All are very welcome to an upcoming seminar featuring Dr Sascha Morrell at the Writing & Society Research Centre at Western Sydney University. The seminar will be held on Friday, 12 August, from 11.00am -12.30pm in Building 3.G.55, Bankstown Campus, Western Sydney University.
This paper examines how the walking corpse and tropes of living death were used to represent the dehumanizing effects of repetitive, alienated labour in industrial, bureaucratic and plantation settings both prior to and after the passage of the Haitian zombie slave into U.S. culture via the publication of William Seabrook’s The Magic Island in 1929. Examining nineteenth-century and still earlier western precedent for twentieth-century appropriations of the Haitian folkloric figure provides fresh insight into how the Afro-Caribbean zombie interfused with western traditions of living death. Existing accounts of the zombie’s reception in Anglophone culture not only underestimate the extent to which the zombie was transformed upon entry by established traditions, but actually ascribe authenticity to aspects of zombie mythology that may be the product of a distorting western influence. For instance, the association of the Haitian zombie with organized labour seems to have been exaggerated in western representations of Haitian lore, including recent critical treatments. As well as shedding new light on the complex origins of the literary zombies of the early-twentieth century, my paper will briefly consider how the zombie’s subsequent evolution in popular culture into a figure of mindless consumerism and predatory capitalism might assist critics in (re)assessing the usefulness of “modernism” and “postmodernism” as critical categories.

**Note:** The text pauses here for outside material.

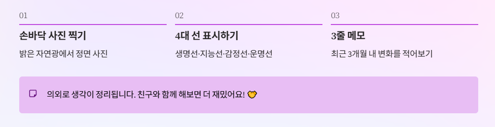 오늘 바로 해보세요: 손바닥 사진을 찍고, ①생명선 ②지능선 ③감정선 ④운명선만 표시한 뒤 “최근 3개월 내 변화”를 3줄로 적어보면 의외로 정리가 됩니다.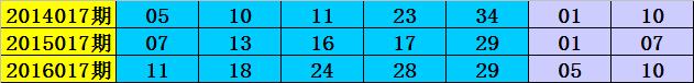 在2014017期-2016017期同周期奖号中,前区连码出现3期,同尾号出现2期,号码奇偶比9:6,大小比7:8,号码012路比2:6:7,前区开出13个号码。

Sascha Morrell studied Arts and Law at the University of Sydney and completed her PhD in English Literature at Trinity College, Cambridge. She has taught at the University of Cambridge, the University of Sydney and the University of New South Wales, and was Visiting Research Scholar at New York University in Fall 2015. Dr Morrell is the co-editor of Flann O’Brien and Modernism (Bloomsbury 2014) and has published widely on American and modernist literatures while completing a book project on race, labor, historiography and visual culture in the fiction of William Faulkner, Herman Melville and others. She has a special interest in the appropriation of Haitian history and cultural motifs (including the zombie) in U.S. fiction, theatre and film. She is currently developing a project investigating connections between different ideas of ‘the south’ (including Australasian and other transpacific spaces) in nineteenth- and early twentieth-century U.S. literature.